Знай я, что меня ждало, утверждал бы это с меньшей уверенностью.

В среду вечером, то есть через тридцать шесть часов после доставки тела Рене Миртиля в клинику, семеро оперированных вроде бы оклемались. Профессор не хотел вселять в нас чрезмерную надежду, но радость и гордость звучали во всех его речах. В особенности он был счастлив пересадкой головы Альберу Нерису.

— Его жизнь пока висит на волоске, — объяснил профессор на своем странном языке, — но он уже может глотать… нормально дышит… Его веки поднимаются и опускаются… слышит… Сердце работает в хорошем ритме… О психических функциях в собственном смысле этого слова судить рановато. Тут я еще не могу сказать ничего определенного, но думаю, все пойдет на лад. В данном случае я все еще действую на ощупь… Ведь это впервые, не правда ли?

— Вы устали?

Марек обратил ко мне свои желтые глаза — они выражали беспокойство.

— Все мы изнурены.

Он предоставил мне право, в котором пока отказывал родственникам, — навестить пациентов.
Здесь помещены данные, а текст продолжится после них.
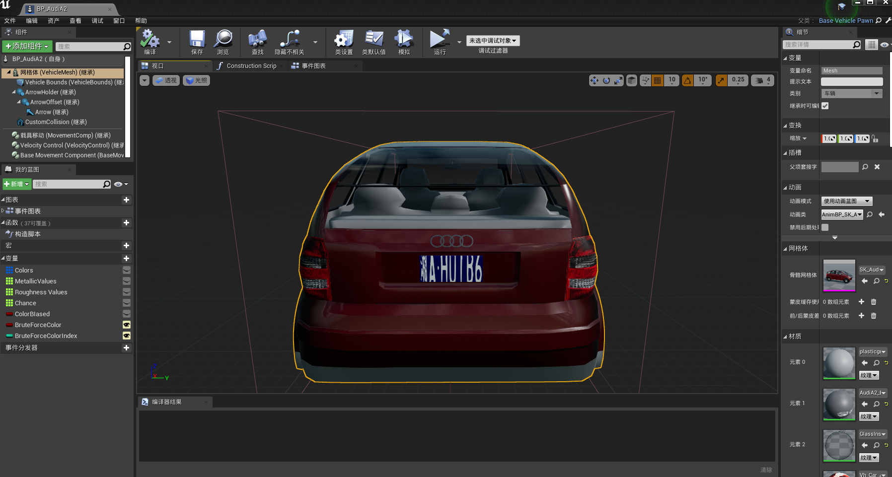 - 进入车辆资产编辑界面后,双击网格体(VehicleMesh)继承,会出现车辆以及车辆所引用的资产。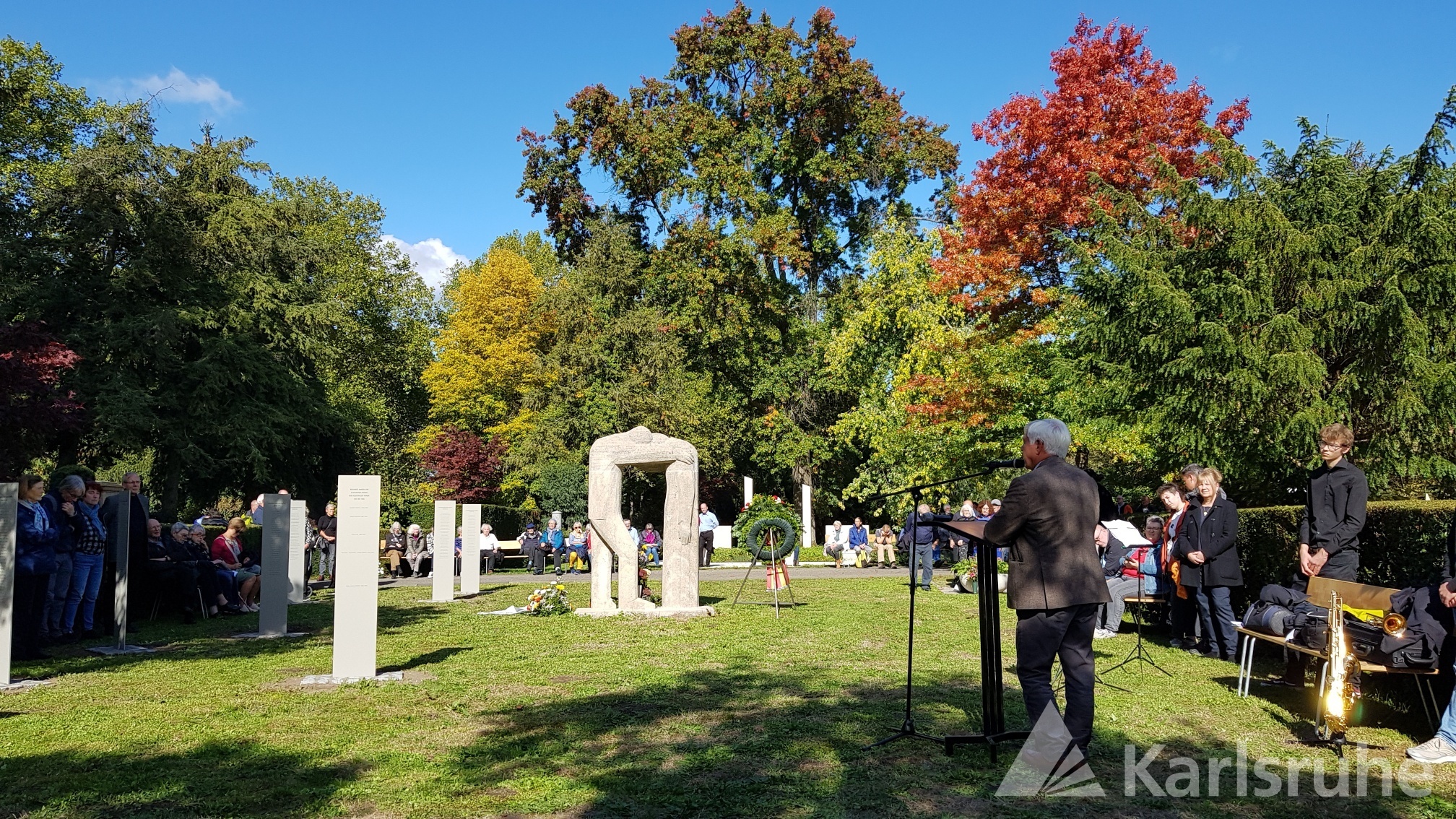 Ein erster Ort der Erinnerung an Opfer des Nationalsozialismus entstand in Karlsruhe Mitte 1945, als ein in Karlsruhe stationierter sowjetischer Offizier ein Gedenkkreuz errichten ließ. Es steht beim Ehrengräberfeld für sowjetische Opfer auf dem Jüdischen Friedhof beim Hauptfriedhof. Im folgenden Jahr wurden mehrere Straßen nach Karlsruher Opfern benannt.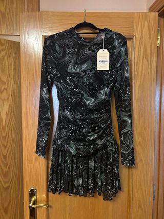 ¡Elegancia y sofisticación! espectacular vestido de satén con una caida increíble y un diseño lleno de detalles exclusivos. Es ideal para eventos, bodas o cualquier ocasión especial donde quieras destacar. ✨ DETALLES PRINCIPALES: Estado: Muy buen estado, muy bien cuidado. Tejido: Satén de alta calidad con brillo sutil. Cintura: Diseño plisado que estiliza mucho la figura. Mangas: Manga larga con detalle de cremalleras metálicas en los puños. 📏MEDIDAS (tomadas en plano): Sisa a sisa: 60 cm Cintura: 51 cm Cadera: 77 cm Largo de manga: 66 cm Largo total: 1,54 m 📏NOTA Yo mido 1,65 m y me queda largo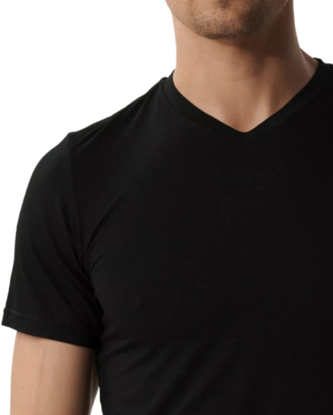 Чоловіча чорна футболка Atlantic з короткими рукавами й V-подібним вирізом. Створена для забезпечення максимального комфорту і свободи рухів, вона виготовлена з тканини, що поєднує шовковистий бамбук і еластан.

Жюмож и Мусрон еще не полностью вышли из коматозного состояния. Из огромных стеклянных колб, висевших на кронштейнах, оперированным поступал по трубкам специальный физиологический раствор, формулу которого Марек подробно объяснял мне, но я слушал его невнимательно. Я был напуган, не признаваясь себе, внушающим тревогу состоянием людей, перенесших сложнейшие операции, поскольку оно не казалось блестящим. Что касается Нериса, то на его лице были приоткрыты лишь иссохшие губы и кончик носа. Остальное скрывали бинты и металлический шлем, оберегавший голову и плечи. Профессор ощутил мою тревогу.